* **What you are asked to do**
Please give back, exactly as written, the lines from the line with "açık şekilde bırakabilirsiniz." to the line with "Проведя весь этот" in the listing below, leaving out all pictures.

* **Data to examine**
"""

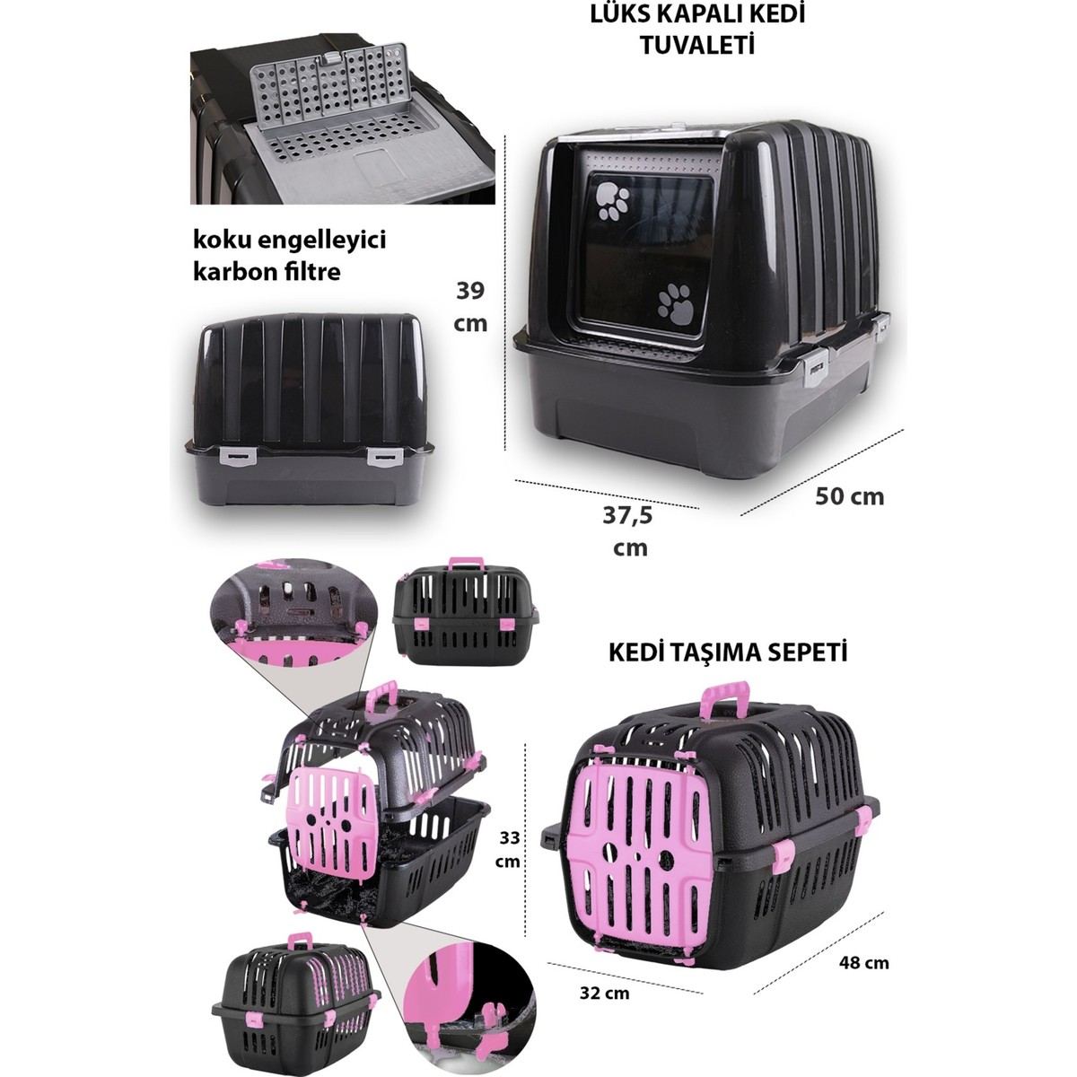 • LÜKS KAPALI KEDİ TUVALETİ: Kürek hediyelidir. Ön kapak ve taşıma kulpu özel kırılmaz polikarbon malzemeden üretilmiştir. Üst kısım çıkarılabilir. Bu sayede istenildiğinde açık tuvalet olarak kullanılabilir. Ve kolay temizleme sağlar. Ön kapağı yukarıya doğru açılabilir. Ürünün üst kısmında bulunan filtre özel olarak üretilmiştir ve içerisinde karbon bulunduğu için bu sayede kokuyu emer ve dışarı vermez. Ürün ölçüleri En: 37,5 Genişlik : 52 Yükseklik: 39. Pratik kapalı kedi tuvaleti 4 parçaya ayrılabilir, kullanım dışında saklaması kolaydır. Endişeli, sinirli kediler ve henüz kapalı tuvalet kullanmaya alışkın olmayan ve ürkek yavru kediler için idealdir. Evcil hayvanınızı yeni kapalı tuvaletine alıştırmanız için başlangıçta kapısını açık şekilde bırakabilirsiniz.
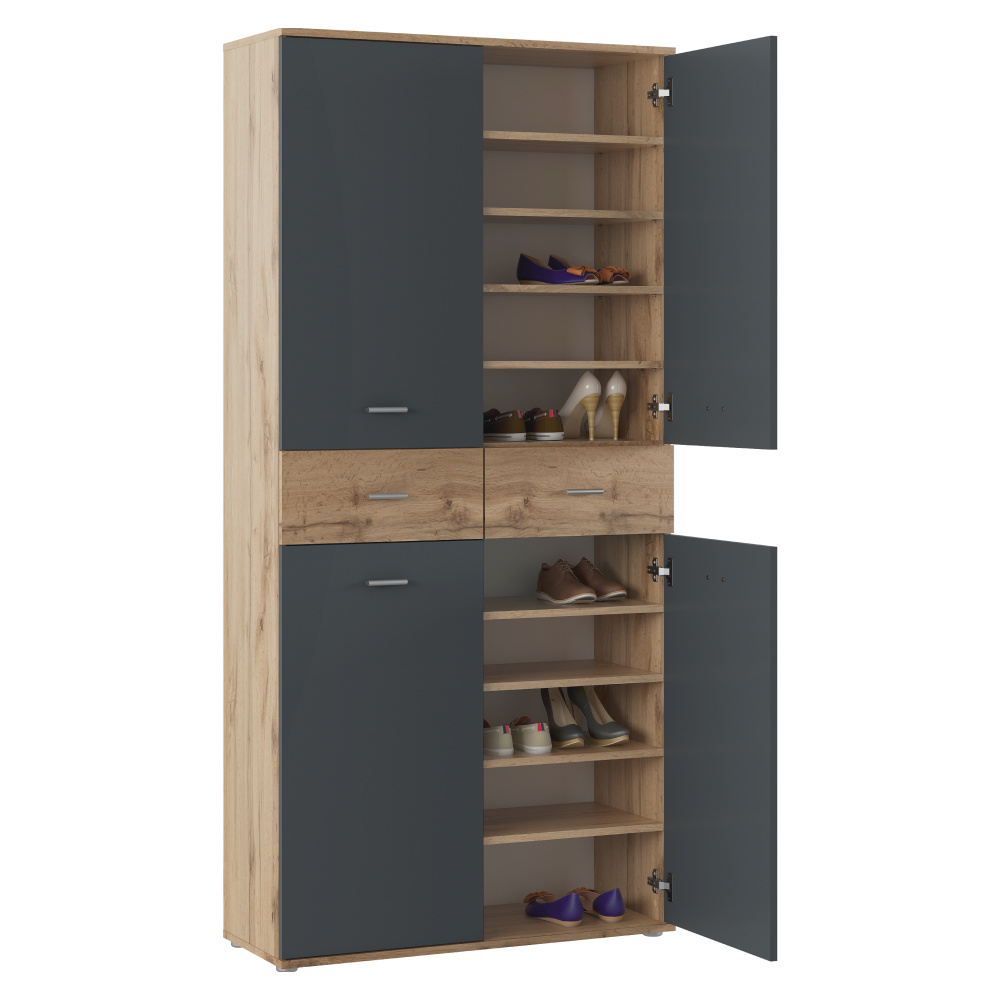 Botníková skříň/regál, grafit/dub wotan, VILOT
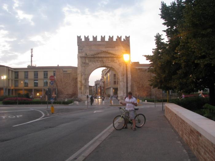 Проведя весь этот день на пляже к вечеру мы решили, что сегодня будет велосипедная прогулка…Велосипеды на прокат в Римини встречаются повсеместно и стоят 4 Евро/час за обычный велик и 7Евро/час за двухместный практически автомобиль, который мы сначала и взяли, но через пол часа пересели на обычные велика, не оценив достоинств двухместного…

"""
"""

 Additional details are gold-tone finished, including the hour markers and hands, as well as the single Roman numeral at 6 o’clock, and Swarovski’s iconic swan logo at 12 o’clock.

"""

* **The answer**
 • LÜKS KAPALI KEDİ TUVALETİ: Kürek hediyelidir. Ön kapak ve taşıma kulpu özel kırılmaz polikarbon malzemeden üretilmiştir. Üst kısım çıkarılabilir. Bu sayede istenildiğinde açık tuvalet olarak kullanılabilir. Ve kolay temizleme sağlar. Ön kapağı yukarıya doğru açılabilir. Ürünün üst kısmında bulunan filtre özel olarak üretilmiştir ve içerisinde karbon bulunduğu için bu sayede kokuyu emer ve dışarı vermez. Ürün ölçüleri En: 37,5 Genişlik : 52 Yükseklik: 39. Pratik kapalı kedi tuvaleti 4 parçaya ayrılabilir, kullanım dışında saklaması kolaydır. Endişeli, sinirli kediler ve henüz kapalı tuvalet kullanmaya alışkın olmayan ve ürkek yavru kediler için idealdir. Evcil hayvanınızı yeni kapalı tuvaletine alıştırmanız için başlangıçta kapısını açık şekilde bırakabilirsiniz.
 Botníková skříň/regál, grafit/dub wotan, VILOT
 Проведя весь этот день на пляже к вечеру мы решили, что сегодня будет велосипедная прогулка…Велосипеды на прокат в Римини встречаются повсеместно и стоят 4 Евро/час за обычный велик и 7Евро/час за двухместный практически автомобиль, который мы сначала и взяли, но через пол часа пересели на обычные велика, не оценив достоинств двухместного…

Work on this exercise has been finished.